If you haven’t yet shortlisted any house to buy, but plan to do so, it’s a smart idea to use a home loan eligibility calculator. Home loans are usually sanctioned based on a person’s ability to pay. For example, some nationalized banks have the rule that the borrower is allowed to pay an EMI not more than 50 per cent of his/her take-home salary. This rule prevents people from overreaching when buying a house and lowers the risk of a default.

For someone in their first or second job, the eligibility limit may not be very high. If that’s your case, you might want to wait a few years more, use that time to build up savings, and then apply for a big loan once your salary has increased. How much it can potentially increase will depend on your industry and your qualifications.

Factor in, though, that in those intervening years, property prices may also rise. Therefore, if you spot a highly desirable house, but are not eligible for the right amount of loan, borrow from a family member – promising to pay interest, of course – to cover the difference between what the bank or non-banking lender sanctions and what you need. In this case, the right time is now.

Think about why you want to buy a home

Be clear about why you want to buy a home, especially if you don’t need to live in it immediately. Many young people in India live with their parents, so buying a home means an investment for them, a place where to park some savings. Nothing wrong with that plan, but if that’s the only purpose, then don’t buy a home that’s too large and above your budget. For new buyers only looking to invest, the rule of thumb is to use a home loan eligibility calculator, find out what they can afford, and then go for something slightly below that limit. Most people think if they can comfortably afford to pay Rs 100, then they can stretch their payment capacity to Rs 120, but the smart thing to do is to choose something that costs Rs 80.

There’s no point burdening yourself with a large home loan with EMIs so high that it makes you feel trapped in your job, with no scope of taking a short break or moving to a different city and taking on some extra expenses. In short, purchasing a house that is only an investment vehicle at the moment should not make you a slave to the EMI. HighersEMIs are worth a few sacrifices only when you want to live in that house.

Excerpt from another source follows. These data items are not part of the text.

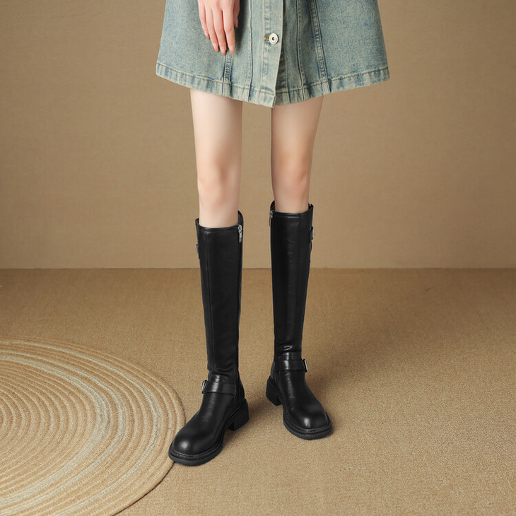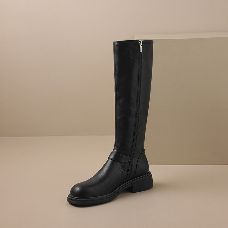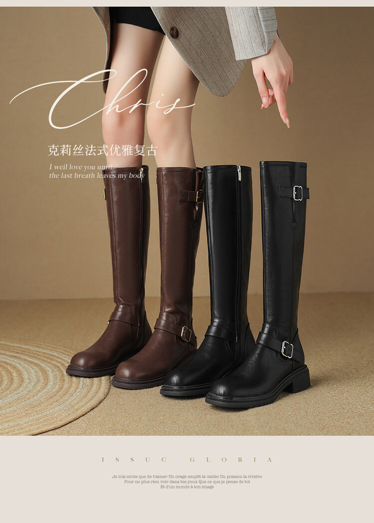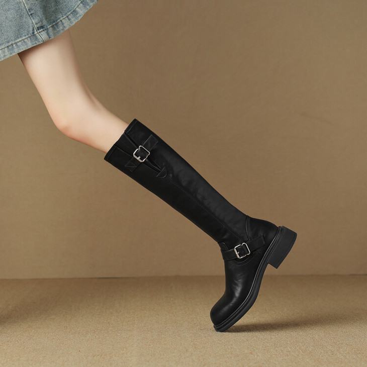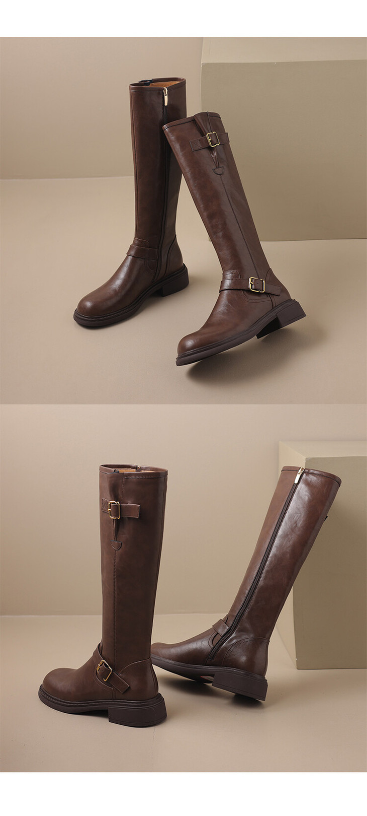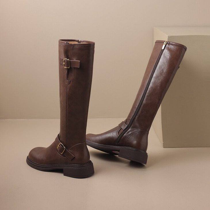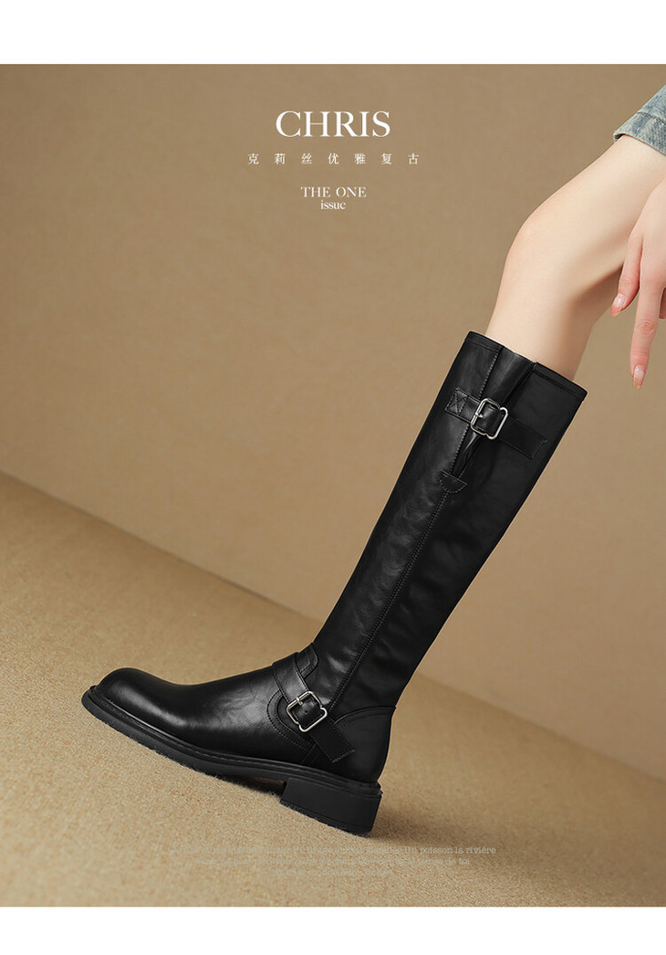 【预售7天】全牛皮复古粗跟长筒靴女秋冬新款真皮显瘦高筒骑士靴MD&67-45
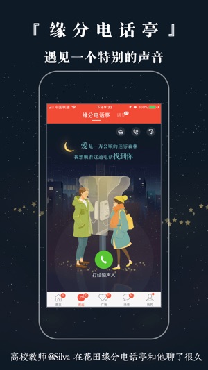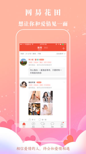 网易花田,超3000万优质真实用户的脱单选择,每8分钟就有一对用户脱单。来花田,遇见对的人! 【优质】名企白领,高收入,优质单身用户的高品质恋爱社区 【真实】真人头像,身份证认证,学历、职业、房产、车辆多重资料认证 【安全】高信用会员保护机制,屏蔽骚扰,放心交友 【懂你】网易大数据智能匹配,比你更懂你的交友需求 上网易花田App,谈一场不将就的恋爱 特色功能 【遇见】左划右滑,遇见心仪的人 【缘分电话亭】和陌生人打一通缘分电话,谈一场声音的恋爱 【趣味问答】契合度趣味问答,一分钟了解彼此,快速匹配 【桃花信】寄出匿名小笺,接收浪漫桃花,缘分早已注定 联系我们 新浪微博:网易花田 微信公众号…
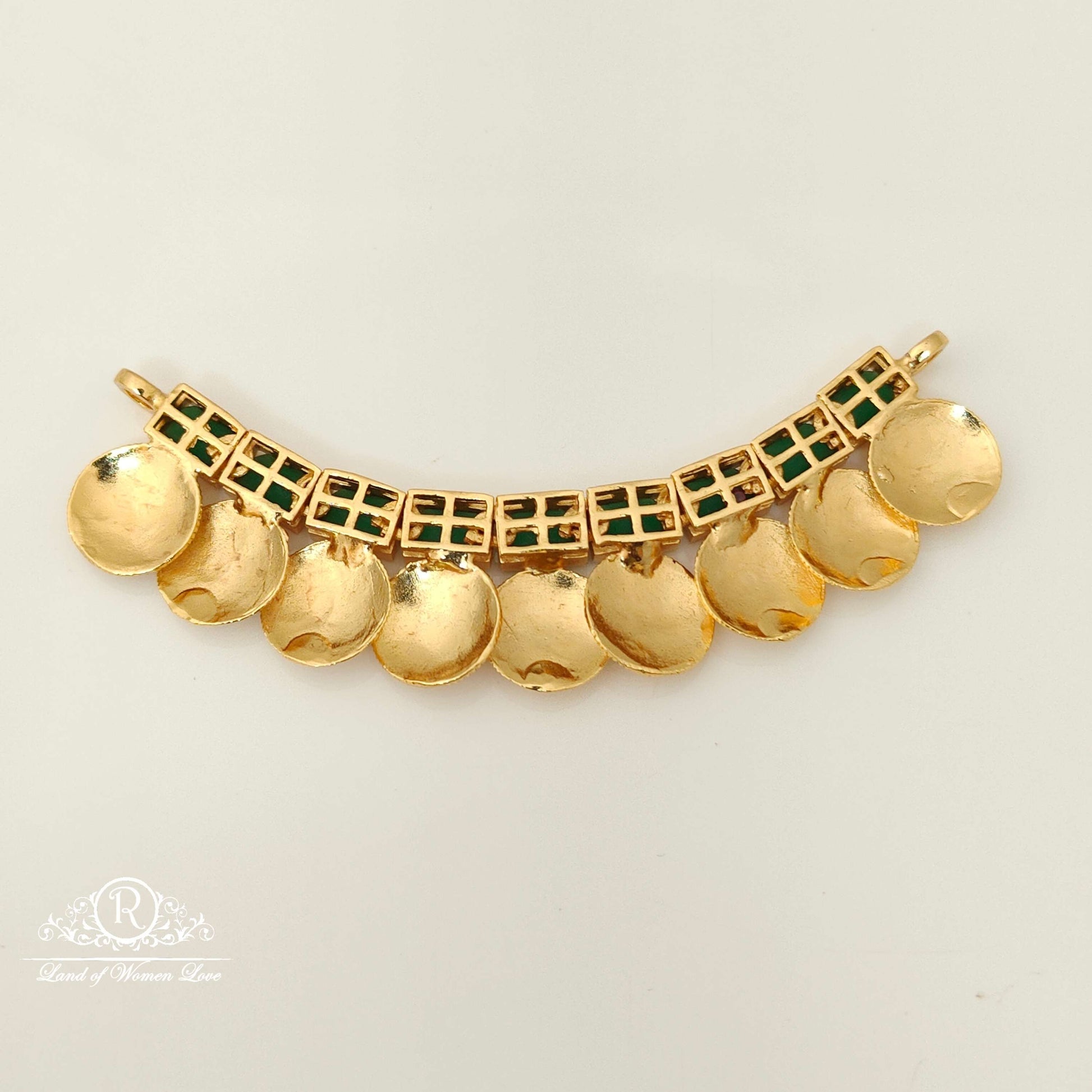 92.5 Silver base gold polish beautiful lakshmi devi kasula design mala locket with green 💚 stones 3 inches length by ramala collections
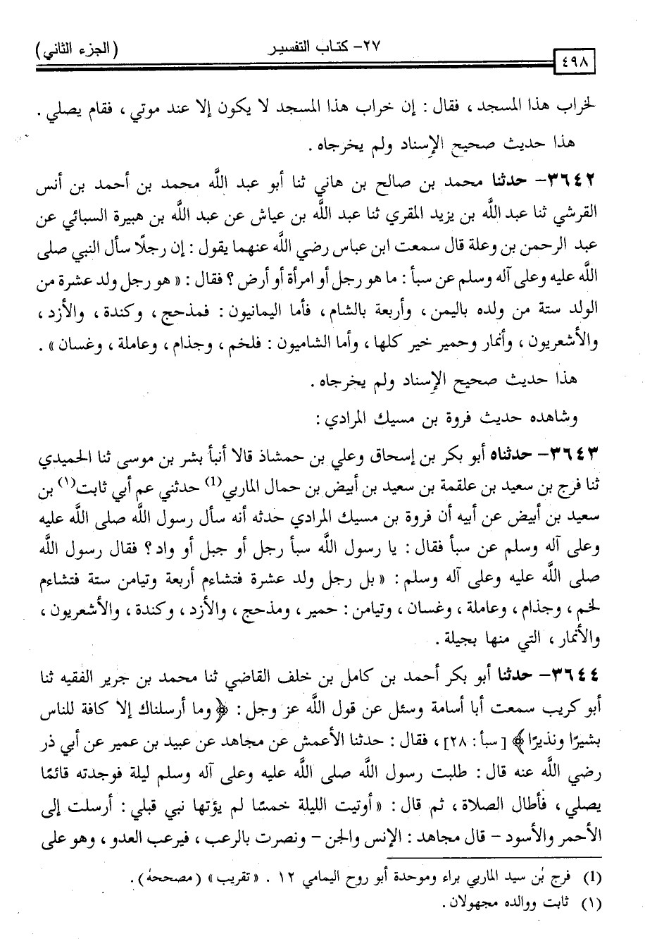 3643 - حَدَّثَنَاهُ أَبُو بَكْرِ بْنُ إِسْحَاقَ ، وَعَلِيُّ بْنُ حَمْشَاذٍ ، قَالَا: أَنْبَأَ بِشْرُ بْنُ مُوسَى ، ثنا الْحُمَيْدِيُّ ، ثنا فَرَجُ بْنُ سَعِيدِ بْنِ عَلْقَمَةَ ، عَنْ سَعِيدِ بْنِ أَبْيَضَ بْنِ حَمَّالٍ الْمَأْرِبِيُّ ، حَدَّثَنِي عَمُّ أَبِي ثَابِتِ بْنِ سَعِيدِ بْنِ أَبْيَضَ ، عَنْ أَبِيهِ فَرْوَةَ بْنِ مُسَيْكٍ الْمُرَادِيِّ ، حَدَّثَهُ أَنَّهُ سَأَلَ رَسُولَ اللَّهِ صَلَّى اللَّهُ عَلَيْهِ وَسَلَّمَ عَنْ سَبَأٍ فَقَالَ: يَا رَسُولَ اللَّهِ ، سَبَأٌ رَجُلٌ أَوْ جَبَلٌ أَمْ وَادٍ ؟ فَقَالَ رَسُولُ اللَّهِ صَلَّى اللَّهُ عَلَيْهِ وَسَلَّمَ: " بَلْ رَجُلٌ وَلَدَ عَشَرَةً فَتَشَاءَمَ أَرْبَعَةٌ وَتَيَامَنَ سِتَّةٌ فَتَشَاءَمَ لَخْمُ ، وَجُذَامُ ، وَعَامِلَةُ ، وَغَسَّانُ ، وَتَيَامَنَ حِمْيَرُ وَمَذْحِجٌ ، وَالْأَزْدُ ، وَكِنْدَةُ ، وَالْأَشْعَرِيُّونَ ، وَالْأَنْمَارُ الَّتِي مِنْهَا بَجِيلَةُ "

Jot down a list future plans when buying a home

Young people often plan to get back to university or go for a higher degree abroad to add to their qualifications. If you’re thinking along those lines, then locking up a large amount of money in buying a home may not be prudent. Chances are when you return to work with those qualifications, your income would be significantly higher and you’d make enough to buy a home better than what you can afford now. So, no point in making a hasty decision to get on the property ladder just a couple of years sooner than your peers.

On the other hand, if you plan to get married or have decided to spend at least the next several years in one city, then buying a home that’s ready for moving in – even a small one, if that’s what you can pay for – is a great idea, whether you’re in your twenties, thirties or forties. That eliminates the hassle of shifting house and dealing with landlords’ whimsical rent increases. In this case, you should definitely buy a home that’s completely constructed or very close to completion, because it’s going to be your primary residence, even if it means paying a higher price.